Что, вот так просто?
— Как я вообще объявлю это руководству? — пробормотал менеджер, не до конца оправившись от шока. — Господи, а люди как отреагируют?
Но я уже не слушал его, поражённый удивительным выводом: мир и правда не рухнул. Я столько лет жил с ощущением, что стоит мне хоть немного ослабить хватку — и всё немедленно рассыплется.
Но, наверное, именно так и исчезают застарелые страхи — как сны, не сразу. Они ещё какое-то время держатся внутри — запахом, музыкой, случайной фразой, ощущением чужого тепла рядом, наполняя нас подсознательной тревогой.
А потом медленно растворяются — среди самых обычных вещей.
__________________________________
Историческая справка
В 1890-х году Сеул ещё назывался Хансон и был столицей государства Чосон.
В конце XIX века Чосон переживал непростой и противоречивый период: давление со стороны Японии и западных держав, попытки модернизации, политические реформы и постепенное проникновение западного образования. В 1895 году японцы убили королеву Мин, в 1896 году ван Коджон бежал из дворца и вернулся в свой дворец только в 1987. 12 октября 1897 года Коджон провозгласил создание Корейской империи.
Молодые корейцы, отправлявшиеся учиться в США, были первопроходцами — будущими переводчиками, дипломатами, реформаторами или просто очень упрямыми людьми, которым стало тесно внутри привычного мира.
Говардский университет в Вашингтоне на тот момент считался прежде всего «чёрным университетом» — одним из важнейших образовательных учреждений для афроамериканцев после Гражданской войны в США. При этом для своего времени Говадский был довольно прогрессивным местом: там могли учиться не только темнокожие студенты, но и женщины, что в конце XIX века всё ещё оставалось редкостью.
Американская этнограф и антрополог Элис Каннингем Флетчер записала голоса корейских студентов в Вашингтоне летом 1896 года. Она была одной из первых исследовательниц, активно использовавших фонограф Эдисона для сохранения народной музыки и человеческой речи. До этого Флетчер в основном работала с коренными народами Северной Америки и записывала их песни и языки на восковые цилиндры.
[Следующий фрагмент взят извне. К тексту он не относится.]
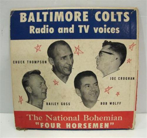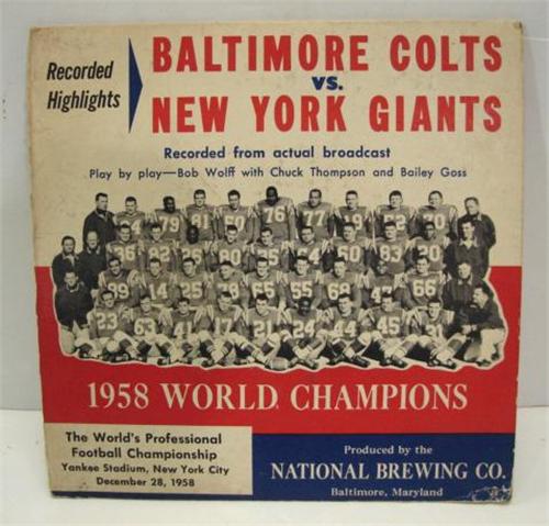 BALTIMORE COLTS AND NEW YORK GIANTS 1958 WORLD CHAMPIONSHIP RECORD. 45 RPM. Produced by National Bohemian Beer. Includes cover and record. Side A contains the fourth quarter radio broadcast of the 1958 World Championship game with Chuck Thompson and Bob Wolff. Side B contains the Sudden Death radio broadcast. Cover shows some minor wear. Record shows minor wear with a very small amount of loss at edge.

24–25 июля 1896 года Флетчер пригласила нескольких корейских студентов к себе домой в Вашингтоне и записала шесть восковых цилиндров с корейскими песнями. Одну из записей она подписала как: «Love Song: Ar-ra-rang».
Это считается самой ранней сохранившейся аудиозаписью корейской музыки в мире и первым известным записанным «Арираном».
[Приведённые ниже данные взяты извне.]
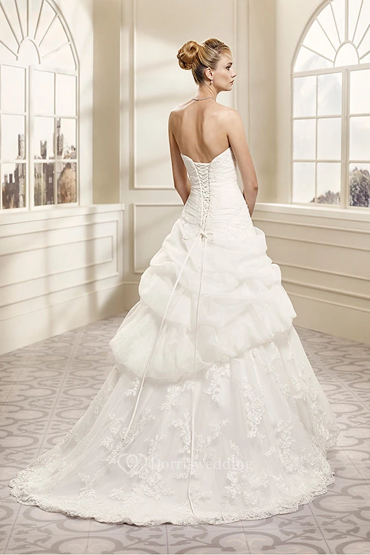 Ball Gown Strapless Appliqued Organza Wedding Dress With Pick Up And Lace Up

Современники часто описывали Элис Флетчер как человека одновременно мягкого и невероятно упрямого. В 1905 году она стала первой женщиной-президентом Американского фольклорного сообщества — и это действительно было очень серьёзным достижением для времени, когда женщины ещё даже не имели права голоса в США.
Элис Каннингем Флетчер прожила довольно долгую и интересную жизнь — она родилась в 1838 году и умерла 6 апреля 1923 года в Вашингтоне в возрасте 85 лет.